Sunday, May 2, 2010

Dreams

Nights ago I dreamed that something was after my family. I even whimpered aloud as I once did as a little child. When I awakened it was clear that the nightmare had ended. It was clear that the absorbing story that frightened me just a minute ago, was not reality after all. It could have fooled me. It did fool me. The feeling was 0dd because in my life I have been so exceptionally content and happy. It was funny that "I" was not able to meet my dream with the same equanimity that I have been meeting the rest of life. I found myself marveling at this "other world" that managed to emotionally terrify me and handcuff my ability to be present. Yet in actuality the events were imagined. I was on edge. My adrenaline was pumping. It had all felt so real.

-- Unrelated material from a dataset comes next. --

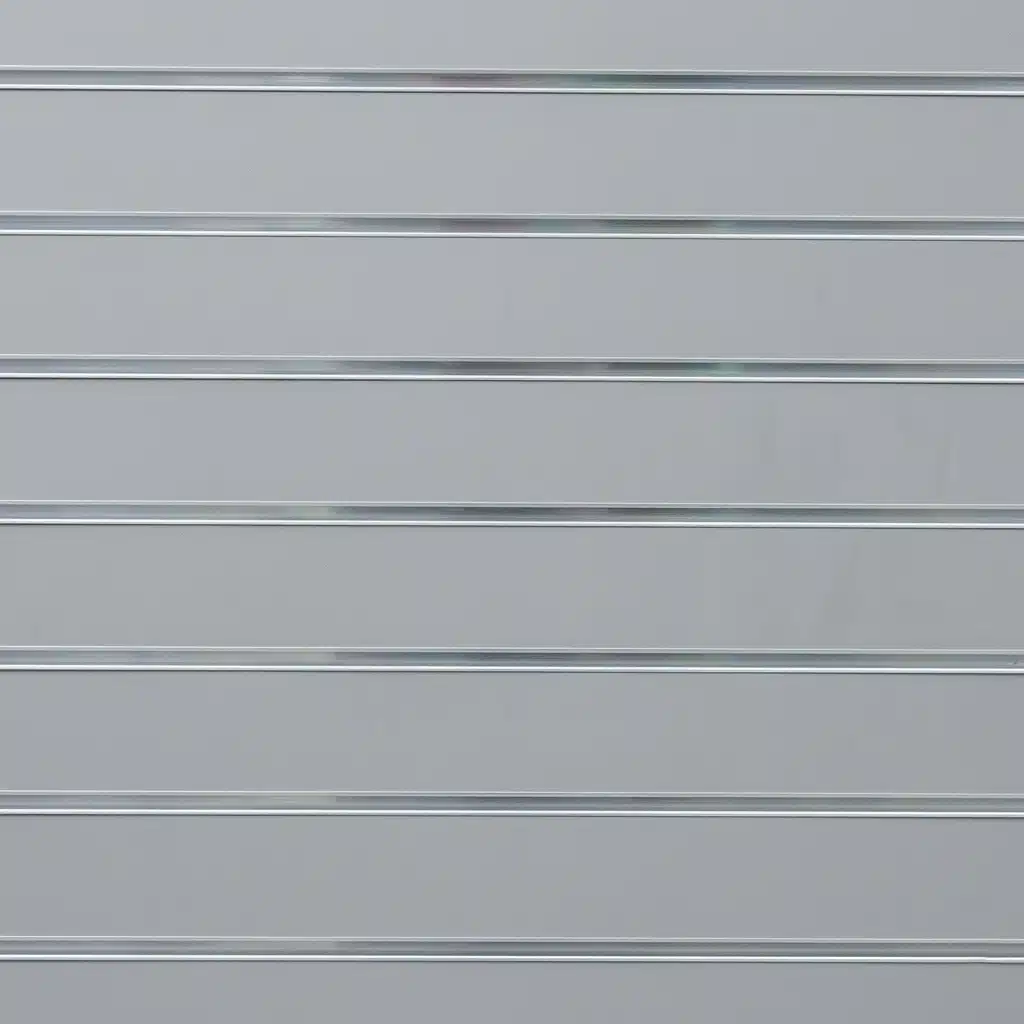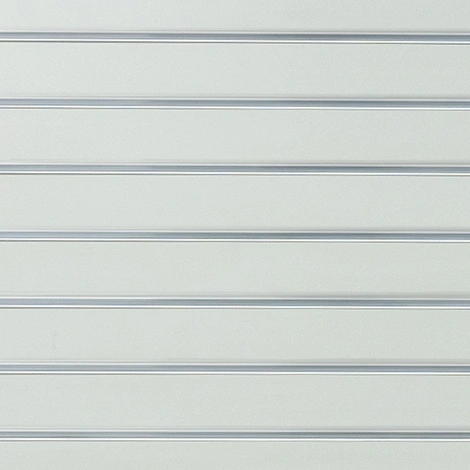 Light grey matte landscape horizontal slatwall with 100mm spaced grooves and 1 half groove.

What if the world we live in is a lot like that? What if most people live in a dreamlike state; rarely aware of the true reality they could wake up to. Freedom is not the cessation of "bad" things from happening it is embracing what is happening simply because it IS happening. There exists a reality is below the surface of what passes for the real world and is a part of what we call the real world but in actuality it is more "real" than the things we touch, hear, see, smell or taste And yet ironically our access point to that richness of that reality is through thoses senses. We touch the divine through our bodies. Anything you have ever "experienced" of the divine or the formless has come to you through form by your senses. The dream world our minds recreate each moment is part of the real world. Yet have you ever awakened out of a deep slumber and for a few moments not had any part of your story come to consciousness ie) you were just present without referencing a who or a where or a what? Have you ever meditated and melted into a space where only the "isness" of the moment existed, where you were not thinking of a "me", where "every-thing" seemed to almost disappear. There is a richness to a world where we let things "be" as they constitute themselves before us in that moment. In our effort to control our world and rid ourselves of the fear of not knowing, we give a false consistency to the wildness of life, to the "suchness" of unmediated experience. We forget that the world is created anew through our own eyes each and every moment, that each and every moment anything can happen. So your father "always" criticizes the way you dress, and your best friend "always" gets withdrawn when you mention her relationship with her husband. How much does the fact that they acted that way in in the past - color your present moment with them? How much is your present conditioned by their "past' behavior? What would happen if you gave them the space to be whoever they were going to be in the moment you were interacting with them? What if you met them wherever they were and realized that you are both free to act differently at any moment and you both just might? You are not the accumulation of your deeds and no one else is either.

Forgiveness would be more prevalent. Forgiveness would come naturally because we would realize that we are each more than a tally sheet. It would come because we narrowed our lives to the present and gave ourselves the gift of relating to reality and not the "dream" world of what that person or situation was five minutes ago. Holding onto the past is painful. The present is always something we can handle. This does not mean that we need to put up with hurtful behavior, that we cannot remove ourselves from harmful situations, or that we cannot choose to spend time with other people, it simply means that the burden of attachment to something which is not now, is no longer there. Until you have forgiven, you are still in the dream world where at some level you believe you are a victim. Does that sound harsh? I do not mean it to be, I only mean it to help one free oneself. If you have not forgiven someone, then you are telling yourself a story in which you were wronged and that at some level things won't be ok until something else happens. Nothing ever needs to happen for you to be happy. Nothing ever needs to happen for you to be content.



Experiment

What if you really did nothing. Spend 10 minutes alone quietly sitting on a chair or lying in bed when you are not too tired. Language fails here but "try" to do nothing. Truthfully, I find its more like relaxing into nothing. No worries, there is no wrong way to "do" this experiment.



Debrief

What happened at the end of 10 minutes? Did your thoughts slow down? Did the "spaces" between your thoughts increase? Did you find your mind rattling on and on -- if so do you know how it started down that track? Did you find it hard to "do" nothing? Did you have a running commentary about how you weren't doing the exercise correctly? Did you fall asleep? Were you able to sit/lie for the full time? What constituted "doing" or "nothing" for you in the exercise? How do you feel? What were you able to sense during the exercise? What was your breathing like? Are you living your own life or is life living you?



The aliveness of the web of oneness can directly touch us in any moment that we are not ensnared in a believing a story about it. There is no magic to it. Just use your senses; your access point to the divine, to open to the world within the world, by experiencing without conceptualizing and by embracing the moment you are in. How will you know whether or not you are in the dream state? The more aliveness you sense in everything around you, the more your are leaving the dream world. The more your felt connection to that which inhabits the cosmos, the less you are living in the dream world.